* WORK ORDER: Copy exactly. Begin at the line containing "Nasze wyściełane skórzane" and stop at the last line of the entries, omitting any pictures.

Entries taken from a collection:
'''

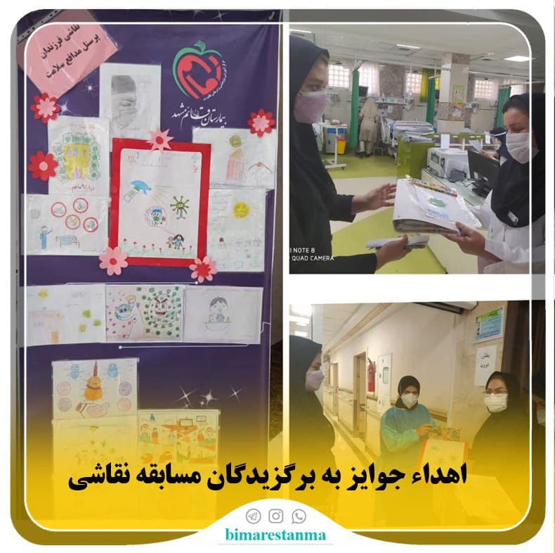 🔸تقدیر از نفرات برتر مسابقه نقاشی فرزندان مدافعان سلامت با حضور مترون مرکز و جمعی از سوپروایزران محترم برگزار شد. 🔺خانم نجمه مرشدلو فرزند خانم رحمانی icu کووید 🙏با سپاس از سوروایزر مهربان و دلسوز آموزش سلامت جهت تهیه جوایز و برنامه تشویقی فرزندان مدافعین سلامت و سپاس از فرزندان عزیز همکاران خوب و پرتلاشمان که ما را در برگزاری نمایشگاه نقاشی در هفته سلامت یاری کردند.  |
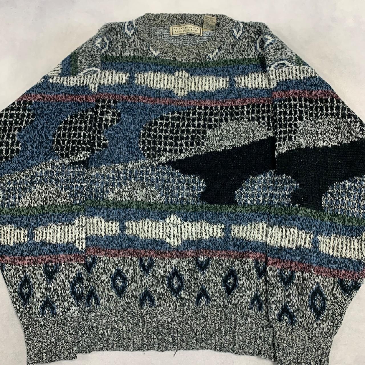 как выглядит Vintage Knitted Jumper Abstract Patterned Grandad Knit Sweater Men
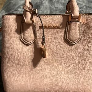 MICHAEL KORS SMALL CROSSBODY PERFECT FOR EVERYDAY USE. MEASUREMENT PLEASE NOTE: 10” W 8” HEIGHT. BEAUTIFUL SOFT PINK TWO CALL OUTS TWO SMALL SCUFFS ON THE CORNER. OVERALL VERY PRETTY BAG EUC
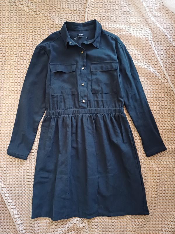 Темно-синее школьное платье Kiabi90%вискоза 10%полиэстер Ткань плотная, плотная На осень/весну, возможно демисезон с свитером Красивая модель, на груди накладные карманы До талии на кнопках В поясе резинка Красиво смотрится и с туфельками, и с кроссовками Состояние без нюансов Размер 12 лет на рост 146-152см Длина 84см, вил верха до талии 39см, рукав 50см, плечи 42см, под руками 41см, ПОТ 35см, ПОБ свободно, по максимуму 55,5см
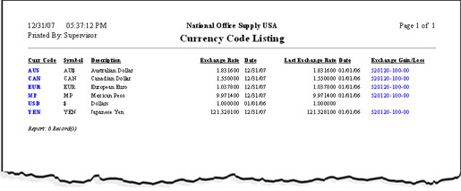 The Currency Code Listing provides information on each currency code including its symbol description, current exchange rate, and the posting GL Account IDs for the foreign exchange gains/losses. The currency codes are set up through the Currency Code Maintenance function. This report can be used to determine the correctness of each currency code's assigned foreign exchange gain/loss GL Account IDs and to ensure that the exchange rates are up to date.
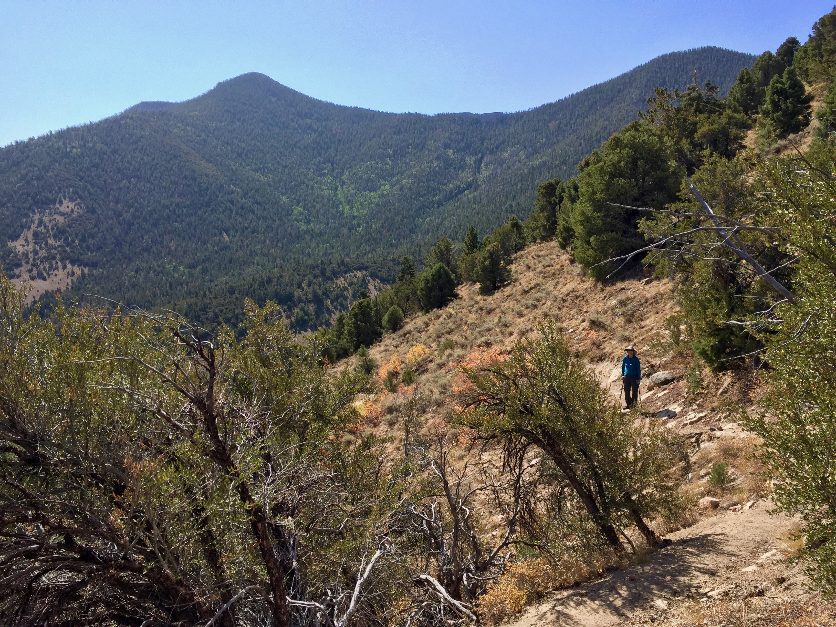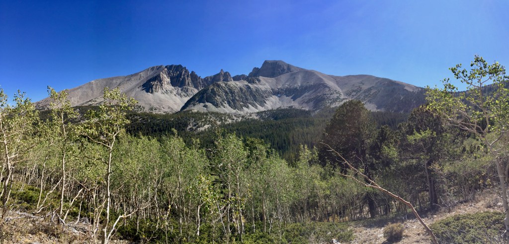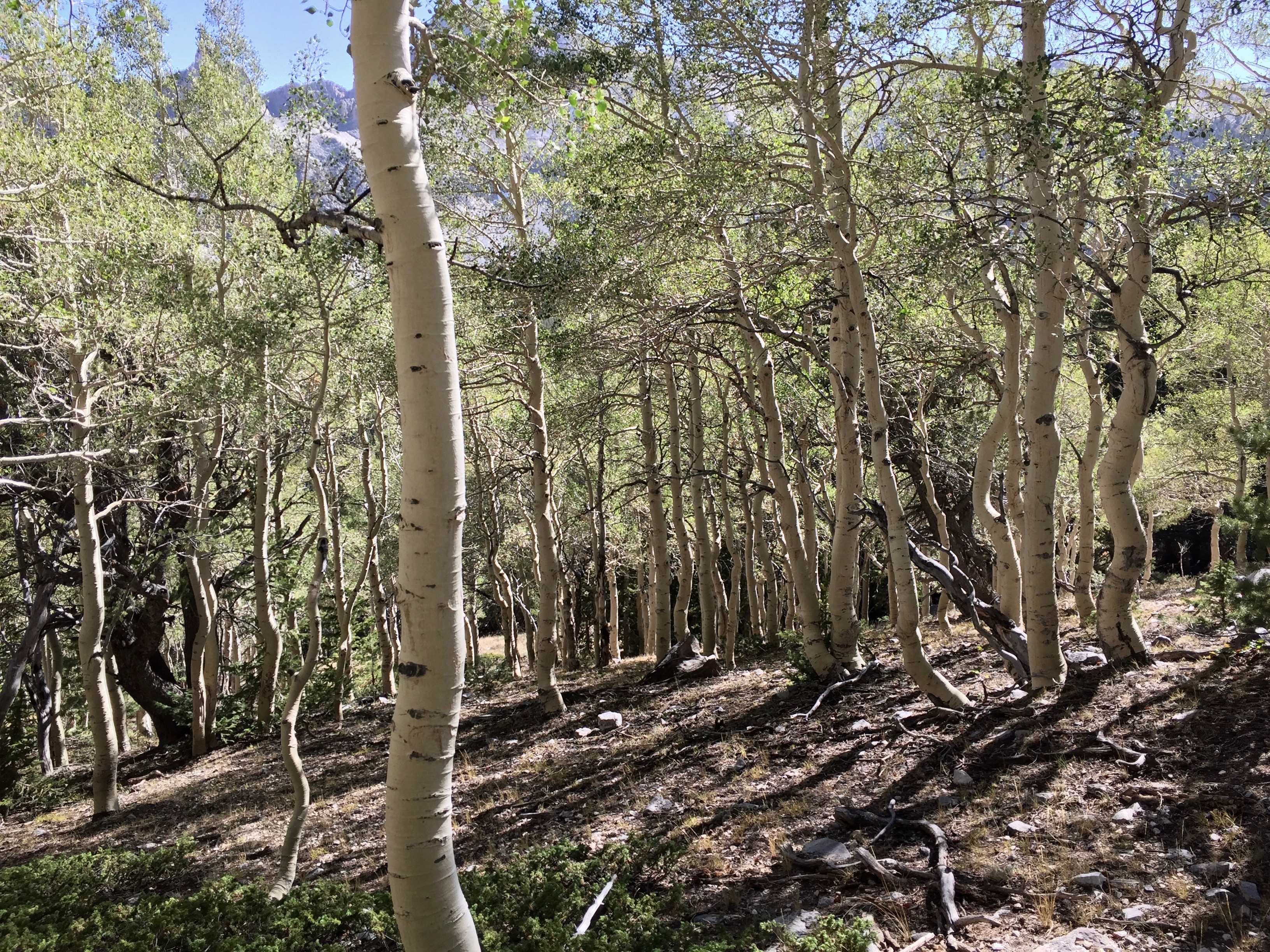 Through a break in the aspens, we caught views of Wheeler Peak. We had intended to take a day to hike up to the summit, but my knee changed our plans.
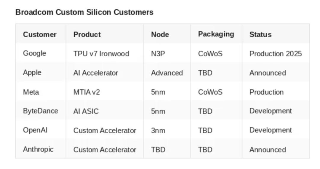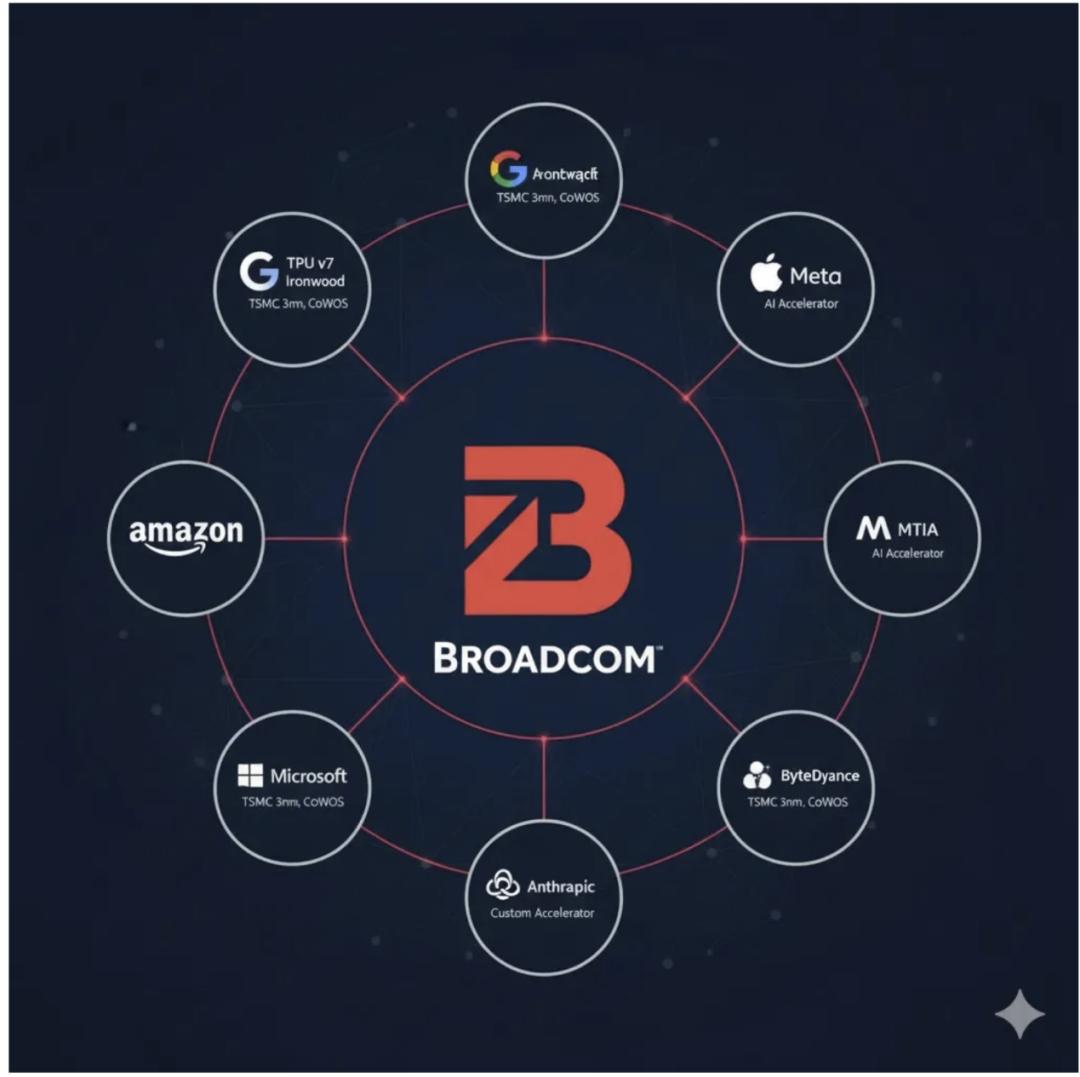 博通则走出不同路线,专注于客制化AI芯片。博通为Google打造的TPU已证明此模式可行,今年更将服务扩展至Anthropic等外部客户,相关订单规模高达数百亿美元。
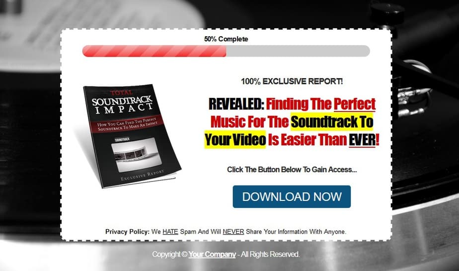 You can seriously set up this total soundtrack impact report funnel in this package within just a few minutes. The included step-by-step guide packaged with the report will take you by the hand and walk you through the process of setting up the report, the squeeze page and everything else.
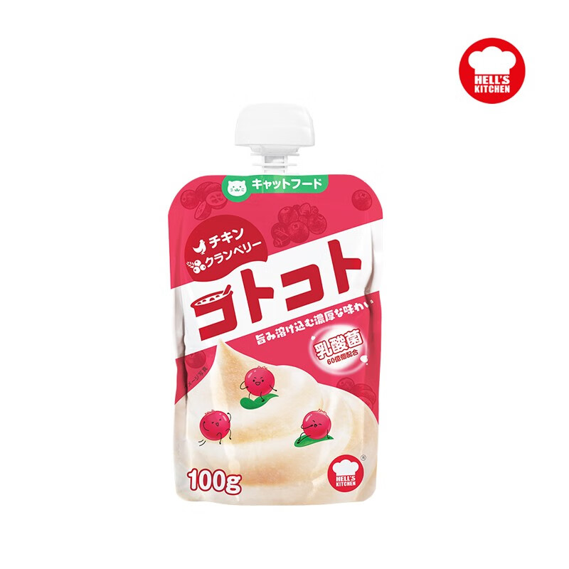 Hell's kitchen地狱厨房咕噜酱猫条猫零食成猫幼猫猫咪零食罐头湿粮适口添加乳酸菌营养补充 鸡肉蔓越莓100g*6袋
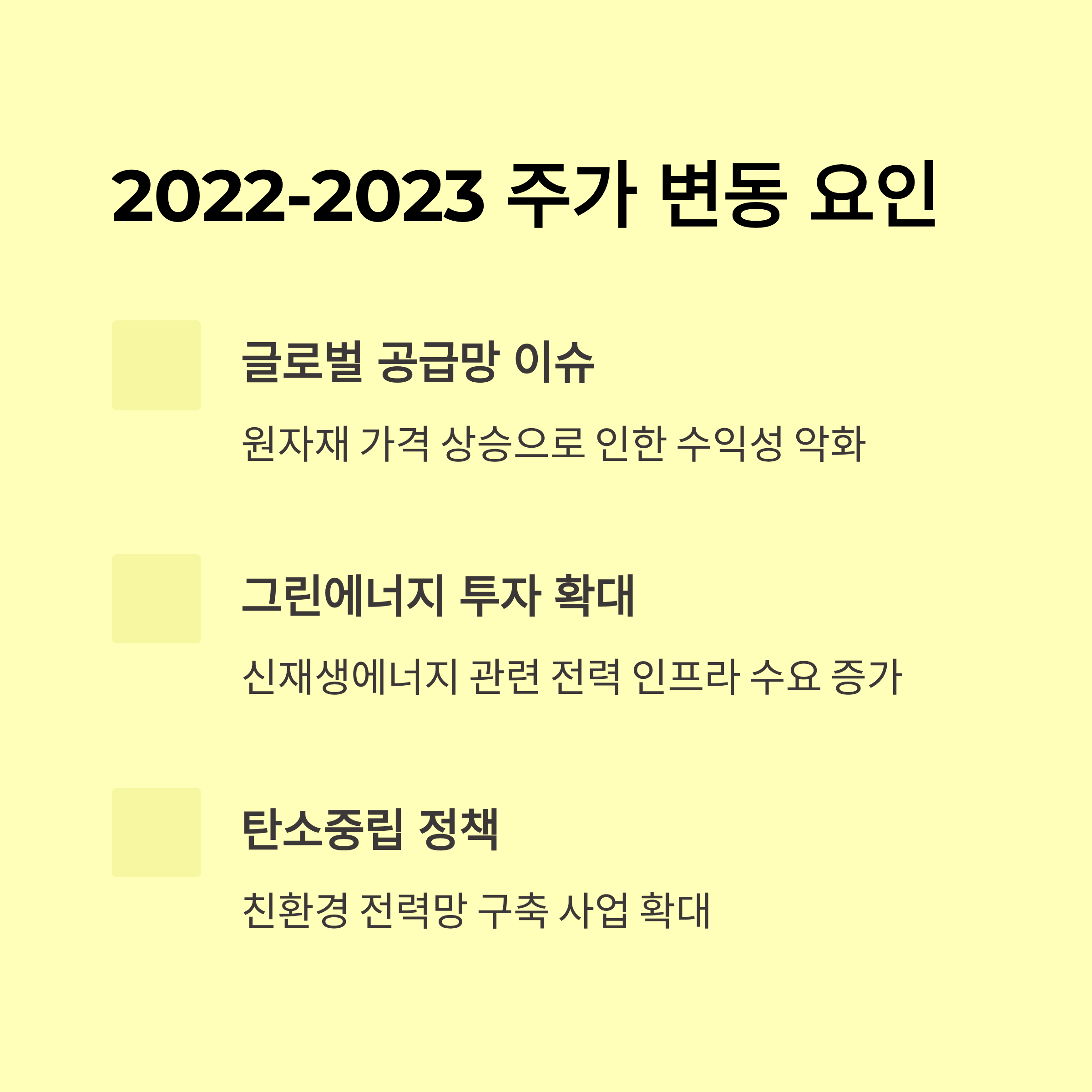 ④ 정부 정책 : 한전 40조·미국 IRA 등 메가프로젝트 직수혜, 에너지정책 변화에 따라 추가 급등·조정 모두 열려 있음.
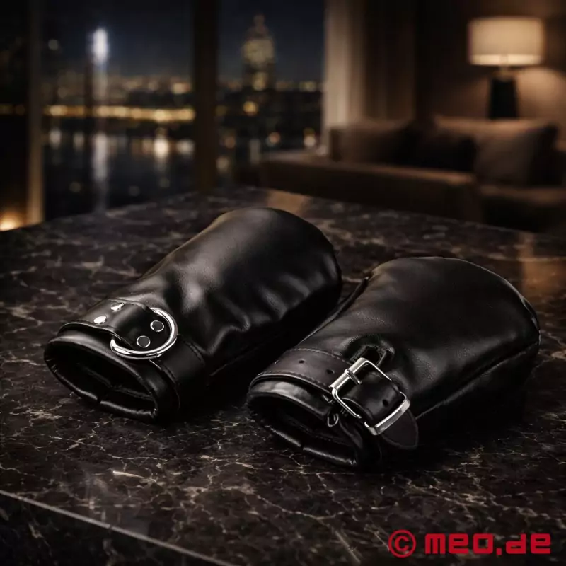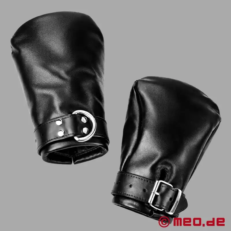 Nasze wyściełane skórzane rękawice do bondage Fist Mitts są częścią każdego dobrego sprzętu BDSM. W tych rękawicach dłonie są siłą zaciskane w pięść. Rękawica i regulowane zapięcie na klamrę utrzymują pięść zaciśniętą i dobrze zamkniętą, dzięki czemu palce nie mogą być już używane.
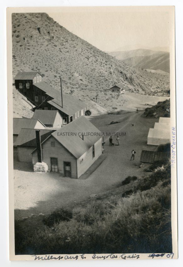 Photo of the Millspaugh mining camp taken from the hillside up Shepherd's Canyon looking down. The mill, post office, cook tent, assay office, and blacksmith shop are visible. There are several people standing around. Written in ink on edges of photo: along bottom "Millspaugh, Inyo Co. Calif., 1908 [date crossed out and replaced with 1907]," and along right side, "root celler."

'''

* COMPLETED TASK:
 Nasze wyściełane skórzane rękawice do bondage Fist Mitts są częścią każdego dobrego sprzętu BDSM. W tych rękawicach dłonie są siłą zaciskane w pięść. Rękawica i regulowane zapięcie na klamrę utrzymują pięść zaciśniętą i dobrze zamkniętą, dzięki czemu palce nie mogą być już używane.
 Photo of the Millspaugh mining camp taken from the hillside up Shepherd's Canyon looking down. The mill, post office, cook tent, assay office, and blacksmith shop are visible. There are several people standing around. Written in ink on edges of photo: along bottom "Millspaugh, Inyo Co. Calif., 1908 [date crossed out and replaced with 1907]," and along right side, "root celler."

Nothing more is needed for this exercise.